When fetching web URLs, the package uses @happyvertical/spider to detect document management systems and extract direct PDF links:

// WordPress Download Manager URL — spider detects the PDF link automatically
const doc = await fetchDocument(
'https://example.com/download/meeting-minutes/',
{ scraper: 'basic', spider: 'dom' }
);

Override MIME Type​

const doc = await fetchDocument('https://example.com/download?id=123', {
type: 'application/pdf',
});

Cache Control​

const doc = await fetchDocument('https://example.com/report.pdf', {
cacheDir: './my-cache',
cache: true,
cacheExpiry: 600_000, // 10 minutes
});

API Reference​

fetchDocument(url, options?)​

Main factory function. Detects document format, selects the appropriate processor, and returns structured content.

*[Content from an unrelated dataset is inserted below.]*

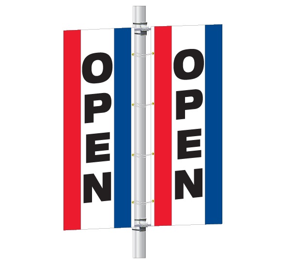 3′ X 8′ Red/White/Blue Slogan Flags are available in 18 different Slogans. Wording is Single Sided only, but reverse image is visible from back side. These triple stitched nylon drape flags have heavy duty bleached headers w/ grommets along the vertical side & pockets sewn top & bottom for light pole hardware (sold separately) come with zip tied for installation. Colored panels will ship as shown (Red/White/Blue) unless specified otherwise. Please call 800.755.2095 for custom colors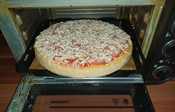 Bei unserem aktuell im Einsatz befindlichen Mini-Backofen sieht man, dass es absolut kein Problem ist, eine Tiefkühlpizza oder eine selbstgemachte Pizza in den Ofen zu bekommen:

  • url string — Document URL or file path (file://, http://, https://)
  • options FetchDocumentOptions — See below
  • Returns Promise<Document>
  • Throws if no processor is available for the detected MIME type

FetchDocumentOptions​

OptionTypeDefaultDescription
typestringauto-detectedOverride MIME type detection
extractImagesbooleantrueExtract images from document (stub — currently returns [])
runOcrbooleantrue for PDFsRun OCR on extracted images (stub)
cacheDirstringOS temp dirDirectory for caching downloaded files
cachebooleantrueEnable/disable spider fetch caching
cacheExpirynumber300000Cache expiry in milliseconds
scraper'basic' | 'crawlee''basic'Scraper type for content extraction
spider'simple' | 'dom' | 'crawlee''dom'Spider adapter for fetching web pages
headersRecord<string, string>—Custom HTTP headers for spider requests
timeoutnumber30000Request timeout in milliseconds
maxDurationnumber—Max scraping time in milliseconds
maxInteractionsnumber—Max interactions for advanced scrapers

Document (class)​

Base document handler. Manages downloading, caching, and local file path resolution. Used internally by processors; can also be used directly via Document.create(url, options).

PDFProcessor​

Implements DocumentProcessor. Extracts text from PDF files, validates PDF headers (detects HTML cache poisoning), and caches processed results.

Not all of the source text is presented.